I am getting huge attack on source port 385 called CLDAP port from multiple sources and destination is one of my IP but i am not using that IP anywhere in the network .and only that attack is heating to the Core router WAN interface which is connected to the Telco and no any firewall rules are working ..Huge attack is coming and its just crazy …What can be the problem ..
I shared the captured packet with mikroitk but did not get any response on it..
MikroTik is not listening on that port by default. Of course anyone can send traffic to any port optionally in DDoS form, but that is not a MikroTik problem.
Such things are usually retaliations against one of your customers or against yourself.
There really is no solution other than waiting for it to go away.

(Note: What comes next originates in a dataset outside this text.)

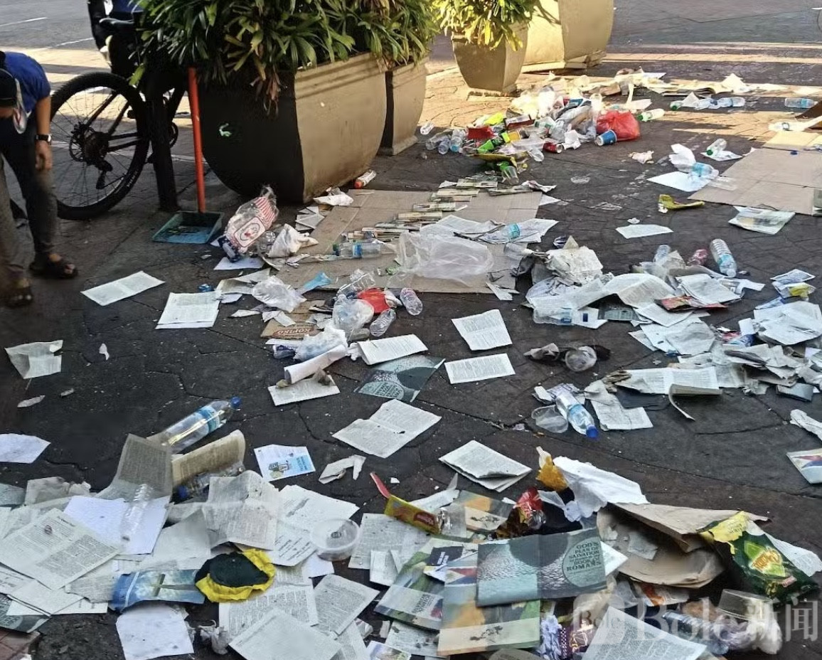 其实,在圣周假期到来之前,EcoWaste Coalition已经通过各种渠道呼吁信众“带走垃圾,只留下脚印”。可现实往往不那么理想。志愿者在现场看到,街道两侧、教堂入口甚至院内,都散落着大量塑料瓶、一次性餐盒和宣传单页,看上去多少有些刺眼。

mikrotik firewall not able to control the flooding and even raw firewall is not able to stop it…I asked the upstream but
they cant block it..One more thing is that the attack is coming on my IP which is not connected anywhere in the network.
Cant understand the problem ,..How long this problem will continue…Terrible..
Well, that is the internet.
You cannot know how this is caused and how long it will continue.
Your MikroTik router has nothing to do with this.
More likely your behavior or one of your client’s behavior on internet (like cheating in a game, cutting off someone for doing something you did not like, etc).
Some childish people will retaliate for such actions by setting up something like this.
But that does not have to be true, it can also be just a mistake from someone.
Oops..if any basic things i will have to check then suggest me plz..!!
There is nothing you can do except think what could have caused someone to get mad at you or one of your customers.
I had this happen in my network before and it was quite clear what had happened. But still there was nothing I could
do except
wait
have it blocked upstream
In this case it sort of stopped after a day or two. Your case is apparently more persistent.